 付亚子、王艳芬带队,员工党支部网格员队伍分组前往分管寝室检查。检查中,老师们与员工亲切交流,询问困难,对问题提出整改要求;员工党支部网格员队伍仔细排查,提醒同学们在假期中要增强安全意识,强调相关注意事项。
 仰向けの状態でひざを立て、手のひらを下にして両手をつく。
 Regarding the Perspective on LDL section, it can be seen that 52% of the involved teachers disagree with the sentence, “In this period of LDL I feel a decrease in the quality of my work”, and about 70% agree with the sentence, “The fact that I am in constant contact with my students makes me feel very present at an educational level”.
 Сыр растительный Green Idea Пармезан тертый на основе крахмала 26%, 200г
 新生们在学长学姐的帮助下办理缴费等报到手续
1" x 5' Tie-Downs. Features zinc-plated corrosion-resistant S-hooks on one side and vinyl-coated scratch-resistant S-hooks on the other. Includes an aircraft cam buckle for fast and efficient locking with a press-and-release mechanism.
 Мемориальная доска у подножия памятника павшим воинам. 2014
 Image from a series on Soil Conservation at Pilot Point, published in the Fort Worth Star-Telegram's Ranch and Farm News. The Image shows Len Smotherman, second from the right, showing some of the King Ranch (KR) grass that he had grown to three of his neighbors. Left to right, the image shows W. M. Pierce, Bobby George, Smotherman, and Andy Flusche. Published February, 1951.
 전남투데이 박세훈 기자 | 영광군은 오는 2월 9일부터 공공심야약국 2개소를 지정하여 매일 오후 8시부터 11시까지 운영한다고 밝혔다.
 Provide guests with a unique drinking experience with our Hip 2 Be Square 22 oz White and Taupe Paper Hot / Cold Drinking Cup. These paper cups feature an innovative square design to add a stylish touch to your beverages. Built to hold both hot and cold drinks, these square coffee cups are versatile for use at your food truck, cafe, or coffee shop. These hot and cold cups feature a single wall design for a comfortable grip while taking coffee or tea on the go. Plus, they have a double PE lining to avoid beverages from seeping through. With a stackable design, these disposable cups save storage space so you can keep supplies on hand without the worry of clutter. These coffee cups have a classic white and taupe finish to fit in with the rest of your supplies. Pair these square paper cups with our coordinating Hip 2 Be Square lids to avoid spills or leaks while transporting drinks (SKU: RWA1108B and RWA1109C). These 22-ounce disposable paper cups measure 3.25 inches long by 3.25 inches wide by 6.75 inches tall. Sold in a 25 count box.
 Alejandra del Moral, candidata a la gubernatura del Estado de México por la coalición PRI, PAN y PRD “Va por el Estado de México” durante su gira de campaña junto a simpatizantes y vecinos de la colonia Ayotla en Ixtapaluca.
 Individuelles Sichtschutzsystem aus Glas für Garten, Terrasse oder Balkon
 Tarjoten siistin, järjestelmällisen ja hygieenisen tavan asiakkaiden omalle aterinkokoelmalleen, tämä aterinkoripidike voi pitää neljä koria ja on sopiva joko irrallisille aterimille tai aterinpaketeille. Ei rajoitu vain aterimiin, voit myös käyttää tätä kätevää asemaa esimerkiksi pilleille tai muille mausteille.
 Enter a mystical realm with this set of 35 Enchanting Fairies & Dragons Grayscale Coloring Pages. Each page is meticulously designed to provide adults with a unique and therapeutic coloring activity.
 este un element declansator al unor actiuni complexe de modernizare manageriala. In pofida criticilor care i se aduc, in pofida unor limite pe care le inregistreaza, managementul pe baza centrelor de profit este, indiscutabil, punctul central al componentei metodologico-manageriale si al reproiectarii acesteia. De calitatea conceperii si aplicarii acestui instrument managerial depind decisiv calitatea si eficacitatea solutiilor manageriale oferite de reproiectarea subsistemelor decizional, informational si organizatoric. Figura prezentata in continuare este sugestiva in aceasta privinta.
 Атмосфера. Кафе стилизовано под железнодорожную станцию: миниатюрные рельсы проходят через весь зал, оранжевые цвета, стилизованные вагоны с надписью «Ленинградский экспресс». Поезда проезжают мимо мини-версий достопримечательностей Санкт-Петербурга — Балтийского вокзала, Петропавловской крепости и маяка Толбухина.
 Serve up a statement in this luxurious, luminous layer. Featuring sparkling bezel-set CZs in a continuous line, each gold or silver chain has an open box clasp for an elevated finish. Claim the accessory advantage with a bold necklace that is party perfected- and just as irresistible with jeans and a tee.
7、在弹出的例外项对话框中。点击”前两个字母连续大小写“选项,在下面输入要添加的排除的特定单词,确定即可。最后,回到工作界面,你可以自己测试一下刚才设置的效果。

» Requirement: From the entries above, print the lines beginning at the one with "a press-and-release mechanism." and stopping after the one with "Individuelles Sichtschutzsystem aus", exactly as written and with nothing else.

» Task solution:
1" x 5' Tie-Downs. Features zinc-plated corrosion-resistant S-hooks on one side and vinyl-coated scratch-resistant S-hooks on the other. Includes an aircraft cam buckle for fast and efficient locking with a press-and-release mechanism.
 Мемориальная доска у подножия памятника павшим воинам. 2014
 Image from a series on Soil Conservation at Pilot Point, published in the Fort Worth Star-Telegram's Ranch and Farm News. The Image shows Len Smotherman, second from the right, showing some of the King Ranch (KR) grass that he had grown to three of his neighbors. Left to right, the image shows W. M. Pierce, Bobby George, Smotherman, and Andy Flusche. Published February, 1951.
 전남투데이 박세훈 기자 | 영광군은 오는 2월 9일부터 공공심야약국 2개소를 지정하여 매일 오후 8시부터 11시까지 운영한다고 밝혔다.
 Provide guests with a unique drinking experience with our Hip 2 Be Square 22 oz White and Taupe Paper Hot / Cold Drinking Cup. These paper cups feature an innovative square design to add a stylish touch to your beverages. Built to hold both hot and cold drinks, these square coffee cups are versatile for use at your food truck, cafe, or coffee shop. These hot and cold cups feature a single wall design for a comfortable grip while taking coffee or tea on the go. Plus, they have a double PE lining to avoid beverages from seeping through. With a stackable design, these disposable cups save storage space so you can keep supplies on hand without the worry of clutter. These coffee cups have a classic white and taupe finish to fit in with the rest of your supplies. Pair these square paper cups with our coordinating Hip 2 Be Square lids to avoid spills or leaks while transporting drinks (SKU: RWA1108B and RWA1109C). These 22-ounce disposable paper cups measure 3.25 inches long by 3.25 inches wide by 6.75 inches tall. Sold in a 25 count box.
 Alejandra del Moral, candidata a la gubernatura del Estado de México por la coalición PRI, PAN y PRD “Va por el Estado de México” durante su gira de campaña junto a simpatizantes y vecinos de la colonia Ayotla en Ixtapaluca.
 Individuelles Sichtschutzsystem aus Glas für Garten, Terrasse oder Balkon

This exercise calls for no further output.